私は夢の国の入国審査を受けにやってきた。石太郎とは途中で別れた。

「うわあああ!俺は、死ぬ前にしたかったこと全部してから死ぬんだぁ!入れろ!」

男がわめいていて、入国審査官と思しき人が止めている。

「ですから、あなたのように***がある人はそれがどんなに悪い***であろうとも入国を許可できません!」

***のところだけはっきりと聞こえてこなかった。某然としていたら、別の入国審査官がやってきた。

「ああ、あなたは入っていいですよ。どうぞこちらへ」

私の設定では、夢の国の入国審査はかなり厳しいはずだが、このsumitakamakaoが作った夢の国はかなり緩やかだ。しかし、それなら何故あの男は入国を許可されないのだろうか?

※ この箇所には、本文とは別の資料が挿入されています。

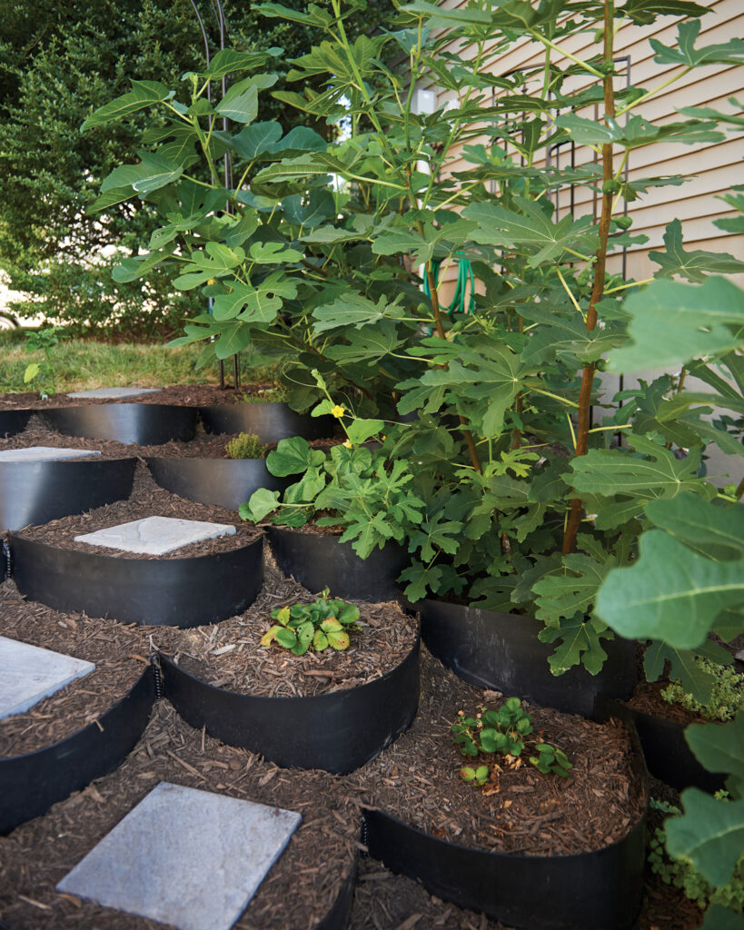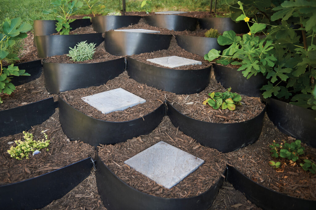 Traditionally, terraced spaces are costly and labor-intensive since they are created with stone or railroad ties. Unfortunately, the latter eventually rot and are usually coated in tar. Both are susceptible to issues with drainage, freezing and maintenance. However, an innovation known as Dirt Locker® caught my attention. Made in the U.S., using recycled plastic, these cells interlock to form a grid held in place with rebar J-hooks. Filled with soil, they can be installed on slopes up to 45 degrees.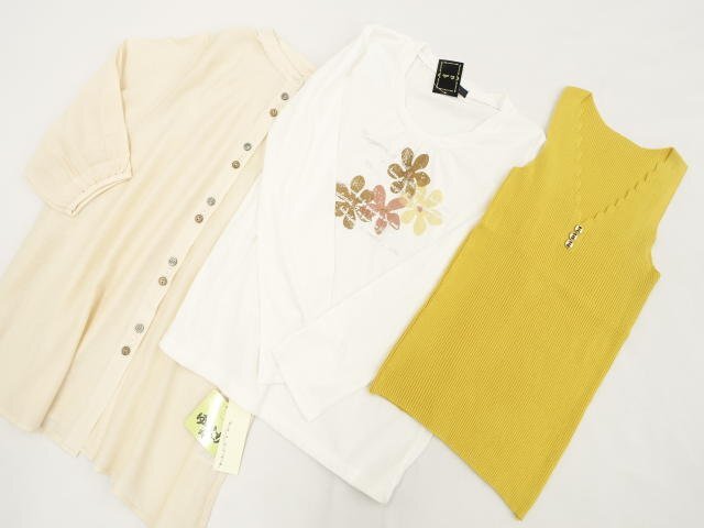 > 福袋 新品訳あり3点セット Be able&CHANTER等 長袖カットソー+7分袖ブラウス+ノースリーブニットカットソー L相当 白地 花&英字/白系/黄系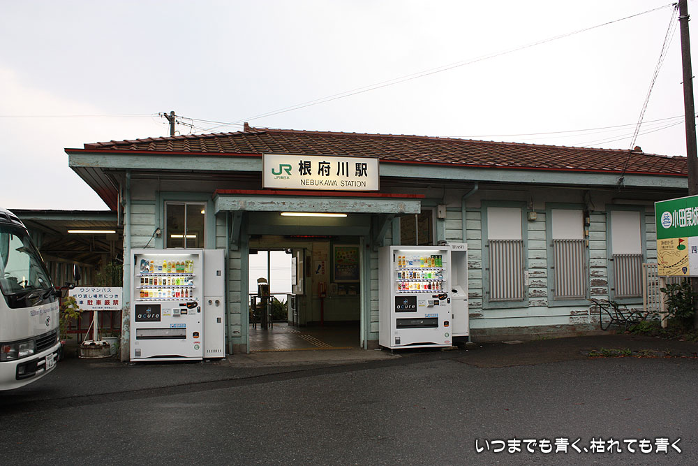 今回の旅の最初は、東海道本線で唯一の無人駅である根府川駅。海が近くて景色の良い駅ですが、関東大震災で海の中に列車とともに沈んだという悲劇の駅でもあります。その犠牲者追悼碑が構内に設置されています。駅舎の高さが跨線橋の高さと同じで、緩やかにカーブしている2面3線のホームは駅舎よりも下の位置にあります。

私のスマートフォンが鳴った。プリンの値引きクーポンが追加されたというかなりどうでもいい通知だった。


「あ、すみませんが、ここから先は地球人にはあまりよくない空気が流れていますので、お手数ですが、このクリームを塗ってください。このクリームを塗るのは、肌が露出しているところだけで結構です。」

入国審査官がクリームの入った壺を差し出してきた。

私は言われるがままにそれを塗った。肌がつるつるになった。悩みの種のにきびもすっかり消えた。不思議なクリームだが、ここは宇宙なのだろうか。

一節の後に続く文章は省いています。